Surely Commonest is the fastest and easiest way. But say you didn't know about Commonest, you could do it yourself... here's a list of values.

list = {1, 2, 3, 3, 4, 3, 2, 3, 4, 5, 6, 7, 8, 9};

The mode is the value that occurs the most times. So we can use Tally to find out how many times each occurs:

Tally[list]

{{1, 1}, {2, 2}, {3, 4}, {4, 2}, {5, 1}, {6, 1}, {7, 1}, {8, 1}, {9, 1}}

which shows that 2 occurs twice, 3 occurs 4 times etc. To find the one that occurs the most, sort the list by the second element and then pick the last one:

Last[Sort[Tally[list], #1[[2]] < #2[[2]] &]]

{3,4}

So now you see the 3 is the most common element. Gathering all these together:

 First[Last[Sort[Tally[list], #1[[2]] < #2[[2]] &]]]

 3

For the case of a continuous distribution, as shown by a histogram, one can use

histData = HistogramList[data]

which provides a list of the binned values and their frequency.
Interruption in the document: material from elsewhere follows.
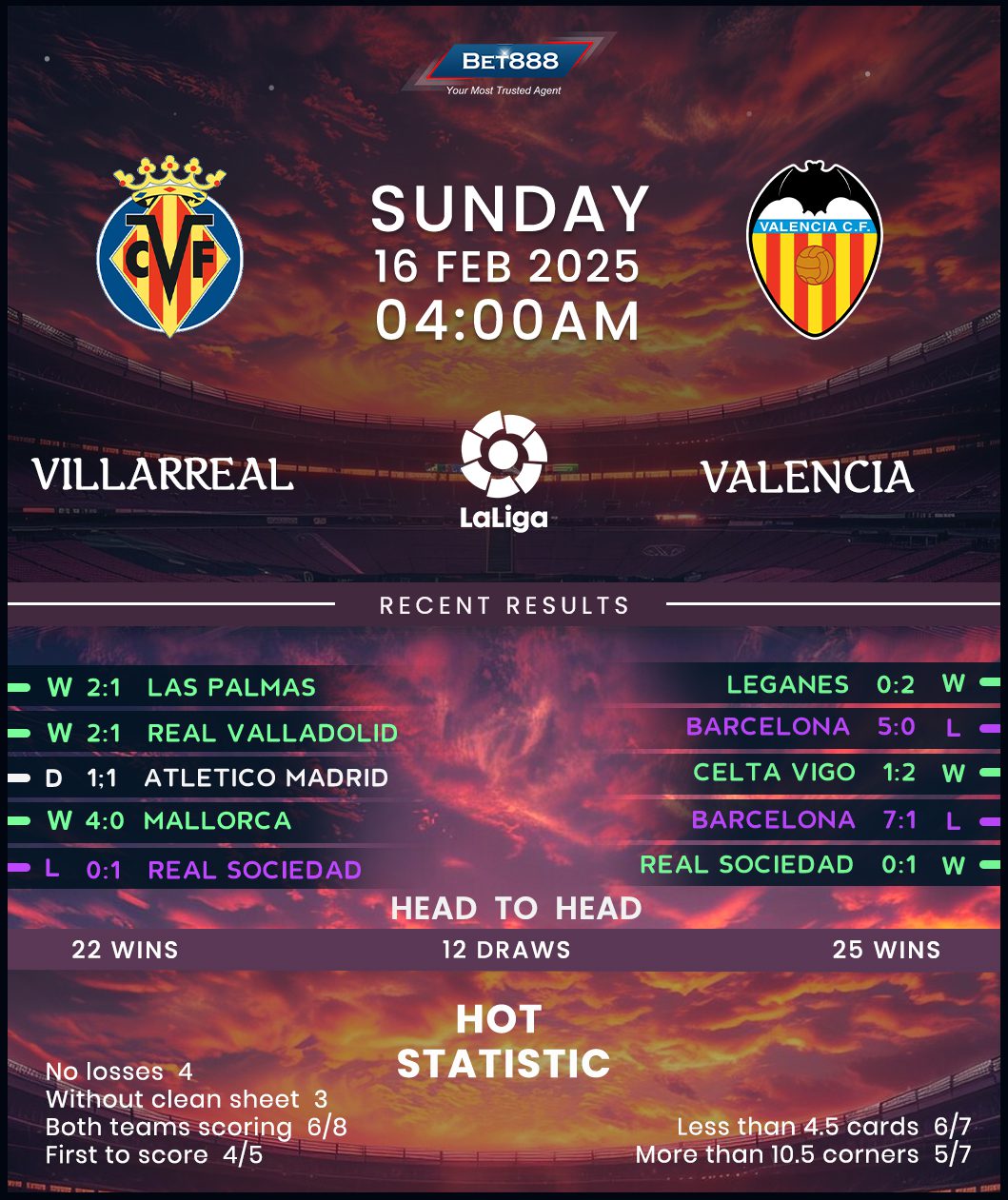 Villarreal strengthened their top-four pursuit last weekend with a hard-earned 2-1 victory at Las Palmas, giving themselves a chance to win three consecutive La Liga games for the first time since winning four in a row in March 2024. Interestingly, a narrow 1-0 home triumph against Valencia formed part of that sequence. It should set Villarreal up nicely for this must-win contest, as should their inspiring-looking run of four wins from their last six league outings (D1, L1). Adding to Marcelino Garcia Toral’s optimism, his charges have won back-to-back home league fixtures via an aggregate score of 9-1 after failing to win three such games on the spin beforehand (D2, L1). Furthermore, ‘El Submarino Amarillo’ emerged victorious from six of their last seven home league meetings with Valencia (D1).

The bin in which the largest number occur is a good candidate. This can be found by finding the index of the maximum element and then locating the edges of that histogram bin.

indMax = Ordering[histData[[2]]][[-1]];
histData[[1]][[indMax ;; indMax + 1]]

or the distribution above, this gives the range {13/50, 7/25}, which is the histogram bin that has the largest number of entries.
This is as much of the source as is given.